Molecules of oxygen are continually crossing the surface from both sides. The equilibrium value occurs (the numbers stabilize) when equal numbers leave and enter the water. But because the molecules of oxygen interact strongly with the water molecules (but not strongly with the molecules of air, the equilibrium value does NOT occur when the two concentrations are the same. 

Let's define the ratio of the two concentrations at equilibrium at $H$. (Note that $H$ is dimensionless since it is the ratio of two of the same kinds of quantities.) It will depend on the properties of the liquid and what gas we are considering. The equilibrium concentrations determine H by

$$H = \frac{n_{air}}{n_{water}}$$ 

It's not trivial to figure this ratio out.

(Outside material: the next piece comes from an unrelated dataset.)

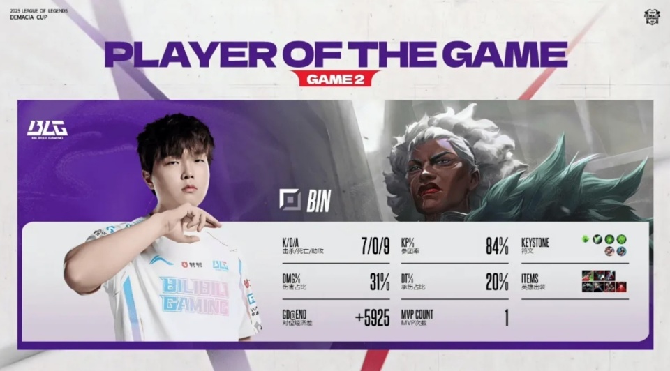 回到比赛,Bin的一手狼母在本局比赛打出封神操作,轻松游龙帮助队伍拿下双龙会,最后一波的高地推进战中更是一个人冲锋陷阵1V5全然不惧,配合队友打出双杀后一波结束比赛,两局比赛Bin的发挥都非常神勇。

It basically has to be measured. 

We define the partial pressure of the oxygen in water  to be

$$p_{water} = n_{air}k_BT$$

Note that this is the amount of oxygen in the air that would be in equilibrium with the oxygen in the water. This is NOT equal to the concentration of oxygen in air that produces this pressure. To relate this to the actual concentration of the oxygen in the water, we have to substitute for $n_{air}$

$$n_{air} = Hn_{water}$$

to get

$$p_{water} = (Hn_{water})k_BT = n_{water}(Hk_BT)$$

This relates the partial pressure of the oxygen above the water to the concentration (number density) of oxygen in the water. 

Chemists (and biologists) tend to prefer to use molar concentration rather than number of molecules. To convert the number of molecules to the number of moles we have to divide by Avogadro's number, NA. The number of moles per cubic centimeter is called the molar concentration and is typically written c. We therefore have

$$c_{water} = n_{water} / N_A  \quad \mathrm{or} \quad n_{water} = N_A c_{water}$$

so

$$p_{water}  = n_{water}(Hk_BT)  = c_{water}(HN_Ak_BT)$$

Note that changing from number density ($n$) to molar density ($c$) just changes $k_B$ into $k_BN_A = R$, the familiar gas constant from chemistry. The combination $HRT$ is referred to as Henry's constant, $k_H$.

The final result typically quoted in chemistry is

$$p_{water}  = k_H c_{water}$$

that is, what we define to be the partial pressure of oxygen in water is proportional to the molar concentration of oxygen in water. This is called Henry's law. Of course this is easily generalized to any liquid and any dissolved gas. Note also that although it's called "Henry's constant", it actually depends on what dissolved gas we are talking about, the temperature, and the properties of the liquid. This is not easily calculated. It has to be looked up in a table obtained from measured values.

The discussion of Henry's law and the Henry constant is somewhat confused by the fact that different communities measure pressure in different units and different communities measure concentrations in different units. As a result, there are lots of different values for a single "Henry constant." Although the (unitless) constant "$H$" we defined above is not commonly used, the relation $n_{air} = Hn_{water}$ is probably a good way to think about what Henry's law is telling you.

While the "concentration" meaning of partial pressure is the primary biological consideration for dissolved gases, there are contexts in which the "leads to a force" meaning of partial pressure also can have biological implications. 

Image courtesy of Payal Razdan.

When divers descend deep below the water the pressure of the gases they are inhaling has to be increased to match the increased pressure from the water. As a result the concentration of dissolved gases in the blood (particularly nitrogen) can become much higher than those concentrations that are in equilibrium with air at normal pressure. If the pressure is not dropped slowly so that the nitrogen in the blood can be expressed to the air through the lungs, bubbles of nitrogen can form in the blood. 

Now, partial pressure is not just concentration! Inside a gas bubble, the pressure of the gas exerts forces on the walls of the bubble and, as the bubble expands, on the walls of the blood vessels, doing physical damage ("the bends")!